### The input

____________________

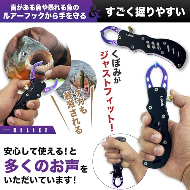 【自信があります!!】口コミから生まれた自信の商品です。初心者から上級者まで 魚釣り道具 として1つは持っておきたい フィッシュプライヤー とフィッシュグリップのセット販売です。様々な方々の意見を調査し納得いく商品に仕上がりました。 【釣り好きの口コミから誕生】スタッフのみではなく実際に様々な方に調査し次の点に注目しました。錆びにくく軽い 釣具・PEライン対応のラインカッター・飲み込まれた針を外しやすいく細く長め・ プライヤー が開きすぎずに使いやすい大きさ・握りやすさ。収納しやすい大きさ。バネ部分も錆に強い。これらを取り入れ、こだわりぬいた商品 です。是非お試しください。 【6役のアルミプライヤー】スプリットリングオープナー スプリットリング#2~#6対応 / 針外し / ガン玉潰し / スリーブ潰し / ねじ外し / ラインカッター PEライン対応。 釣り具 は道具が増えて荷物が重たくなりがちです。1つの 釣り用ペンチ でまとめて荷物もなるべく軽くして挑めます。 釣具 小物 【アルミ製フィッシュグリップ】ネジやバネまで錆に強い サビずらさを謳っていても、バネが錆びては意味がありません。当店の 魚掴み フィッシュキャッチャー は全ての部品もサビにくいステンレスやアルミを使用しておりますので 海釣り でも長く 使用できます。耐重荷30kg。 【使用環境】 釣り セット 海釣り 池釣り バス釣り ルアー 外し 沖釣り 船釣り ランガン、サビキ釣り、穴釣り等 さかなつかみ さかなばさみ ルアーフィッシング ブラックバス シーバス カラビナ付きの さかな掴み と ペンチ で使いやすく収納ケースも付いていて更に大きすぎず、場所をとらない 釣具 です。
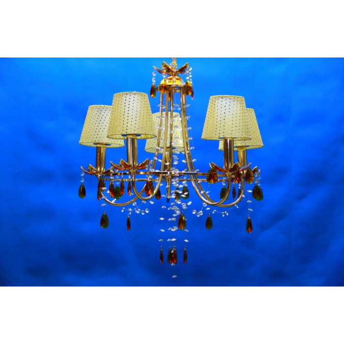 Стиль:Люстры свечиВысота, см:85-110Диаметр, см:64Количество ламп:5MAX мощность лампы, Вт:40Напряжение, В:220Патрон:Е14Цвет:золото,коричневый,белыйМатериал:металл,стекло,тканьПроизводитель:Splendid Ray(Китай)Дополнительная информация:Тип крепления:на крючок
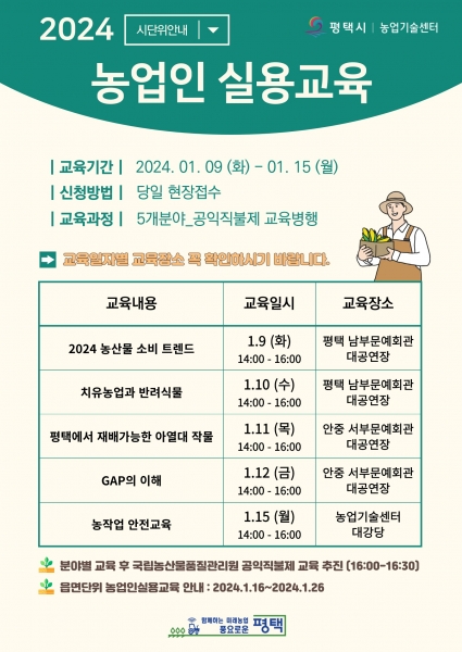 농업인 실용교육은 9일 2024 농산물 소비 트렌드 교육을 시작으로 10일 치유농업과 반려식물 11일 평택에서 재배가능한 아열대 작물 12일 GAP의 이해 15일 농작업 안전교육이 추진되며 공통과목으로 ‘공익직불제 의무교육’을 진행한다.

____________________

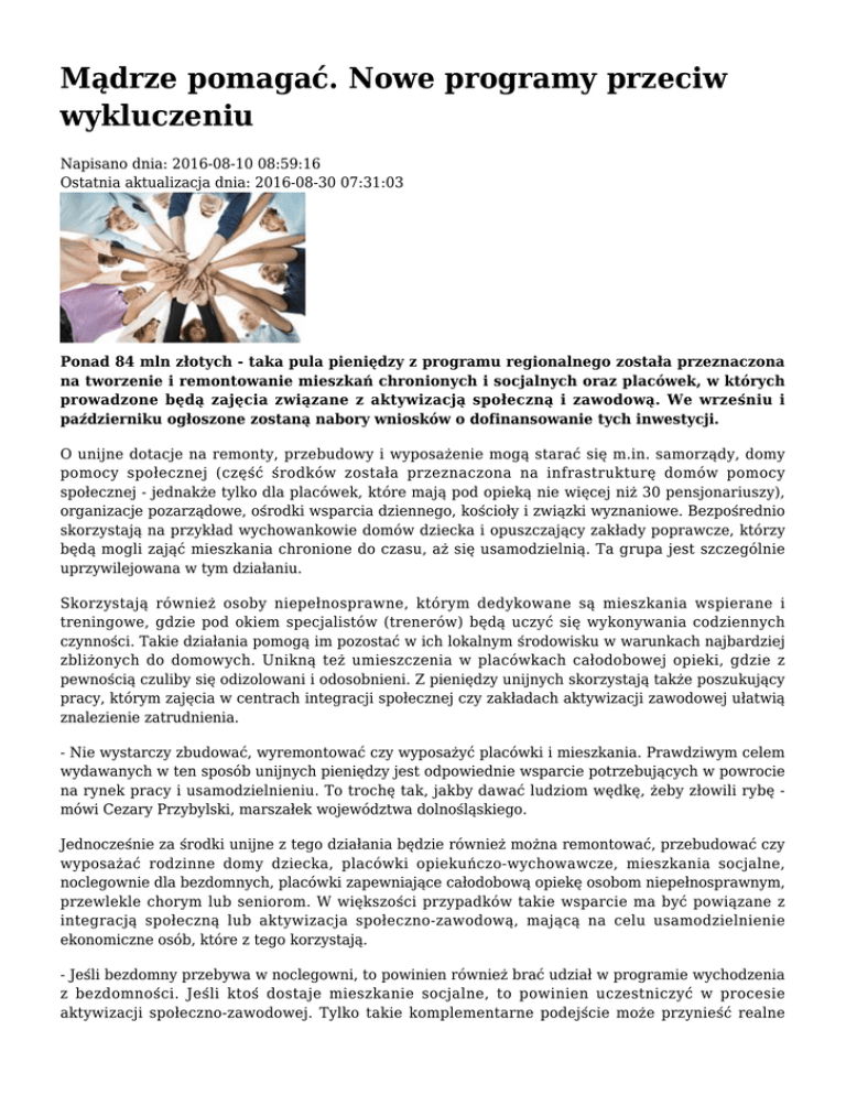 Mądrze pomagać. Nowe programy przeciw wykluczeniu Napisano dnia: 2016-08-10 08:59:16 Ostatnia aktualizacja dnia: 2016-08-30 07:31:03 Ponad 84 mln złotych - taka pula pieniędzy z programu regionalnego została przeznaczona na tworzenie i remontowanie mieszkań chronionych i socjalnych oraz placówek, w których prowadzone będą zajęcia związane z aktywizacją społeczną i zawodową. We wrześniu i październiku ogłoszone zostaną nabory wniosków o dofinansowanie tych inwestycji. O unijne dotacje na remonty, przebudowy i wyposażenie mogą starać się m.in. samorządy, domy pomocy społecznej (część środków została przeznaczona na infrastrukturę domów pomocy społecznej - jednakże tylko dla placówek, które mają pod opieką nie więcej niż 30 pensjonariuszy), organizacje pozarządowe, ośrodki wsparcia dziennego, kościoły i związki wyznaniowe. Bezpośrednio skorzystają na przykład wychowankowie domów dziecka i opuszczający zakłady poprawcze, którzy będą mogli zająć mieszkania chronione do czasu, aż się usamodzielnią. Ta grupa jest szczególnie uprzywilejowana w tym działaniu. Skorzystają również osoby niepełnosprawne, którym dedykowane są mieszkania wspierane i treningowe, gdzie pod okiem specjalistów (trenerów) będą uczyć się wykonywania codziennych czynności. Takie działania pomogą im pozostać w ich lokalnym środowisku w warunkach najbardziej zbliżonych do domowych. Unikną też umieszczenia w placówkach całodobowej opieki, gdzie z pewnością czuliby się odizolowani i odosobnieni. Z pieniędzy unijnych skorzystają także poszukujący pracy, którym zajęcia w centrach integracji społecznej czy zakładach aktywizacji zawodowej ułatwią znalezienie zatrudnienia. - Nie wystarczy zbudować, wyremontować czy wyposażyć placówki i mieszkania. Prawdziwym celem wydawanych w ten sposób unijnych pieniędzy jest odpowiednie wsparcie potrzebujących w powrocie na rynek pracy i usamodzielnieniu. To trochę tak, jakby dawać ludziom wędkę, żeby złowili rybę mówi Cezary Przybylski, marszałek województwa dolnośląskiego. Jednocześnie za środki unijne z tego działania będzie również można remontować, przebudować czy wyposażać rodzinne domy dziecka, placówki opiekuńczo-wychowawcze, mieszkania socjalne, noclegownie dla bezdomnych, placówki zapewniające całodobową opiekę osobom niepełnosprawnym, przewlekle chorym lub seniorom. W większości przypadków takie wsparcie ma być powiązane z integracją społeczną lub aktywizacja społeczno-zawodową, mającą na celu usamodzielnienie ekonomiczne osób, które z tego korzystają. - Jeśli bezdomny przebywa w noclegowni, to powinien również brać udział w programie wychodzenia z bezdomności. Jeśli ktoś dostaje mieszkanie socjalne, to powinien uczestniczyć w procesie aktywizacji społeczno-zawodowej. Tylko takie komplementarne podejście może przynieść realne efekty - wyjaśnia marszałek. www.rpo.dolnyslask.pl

____________________

### Problem requirements
The reply should hold the entries above from the line with "で使いやすく収納ケースも付いていて更に大きすぎず、場所をとらない 釣具 です。" to the line with "농업인 실용교육은 9일", duplicated exactly, pictures excluded.

### Result for this task
 【自信があります!!】口コミから生まれた自信の商品です。初心者から上級者まで 魚釣り道具 として1つは持っておきたい フィッシュプライヤー とフィッシュグリップのセット販売です。様々な方々の意見を調査し納得いく商品に仕上がりました。 【釣り好きの口コミから誕生】スタッフのみではなく実際に様々な方に調査し次の点に注目しました。錆びにくく軽い 釣具・PEライン対応のラインカッター・飲み込まれた針を外しやすいく細く長め・ プライヤー が開きすぎずに使いやすい大きさ・握りやすさ。収納しやすい大きさ。バネ部分も錆に強い。これらを取り入れ、こだわりぬいた商品 です。是非お試しください。 【6役のアルミプライヤー】スプリットリングオープナー スプリットリング#2~#6対応 / 針外し / ガン玉潰し / スリーブ潰し / ねじ外し / ラインカッター PEライン対応。 釣り具 は道具が増えて荷物が重たくなりがちです。1つの 釣り用ペンチ でまとめて荷物もなるべく軽くして挑めます。 釣具 小物 【アルミ製フィッシュグリップ】ネジやバネまで錆に強い サビずらさを謳っていても、バネが錆びては意味がありません。当店の 魚掴み フィッシュキャッチャー は全ての部品もサビにくいステンレスやアルミを使用しておりますので 海釣り でも長く 使用できます。耐重荷30kg。 【使用環境】 釣り セット 海釣り 池釣り バス釣り ルアー 外し 沖釣り 船釣り ランガン、サビキ釣り、穴釣り等 さかなつかみ さかなばさみ ルアーフィッシング ブラックバス シーバス カラビナ付きの さかな掴み と ペンチ で使いやすく収納ケースも付いていて更に大きすぎず、場所をとらない 釣具 です。
 Стиль:Люстры свечиВысота, см:85-110Диаметр, см:64Количество ламп:5MAX мощность лампы, Вт:40Напряжение, В:220Патрон:Е14Цвет:золото,коричневый,белыйМатериал:металл,стекло,тканьПроизводитель:Splendid Ray(Китай)Дополнительная информация:Тип крепления:на крючок
 농업인 실용교육은 9일 2024 농산물 소비 트렌드 교육을 시작으로 10일 치유농업과 반려식물 11일 평택에서 재배가능한 아열대 작물 12일 GAP의 이해 15일 농작업 안전교육이 추진되며 공통과목으로 ‘공익직불제 의무교육’을 진행한다.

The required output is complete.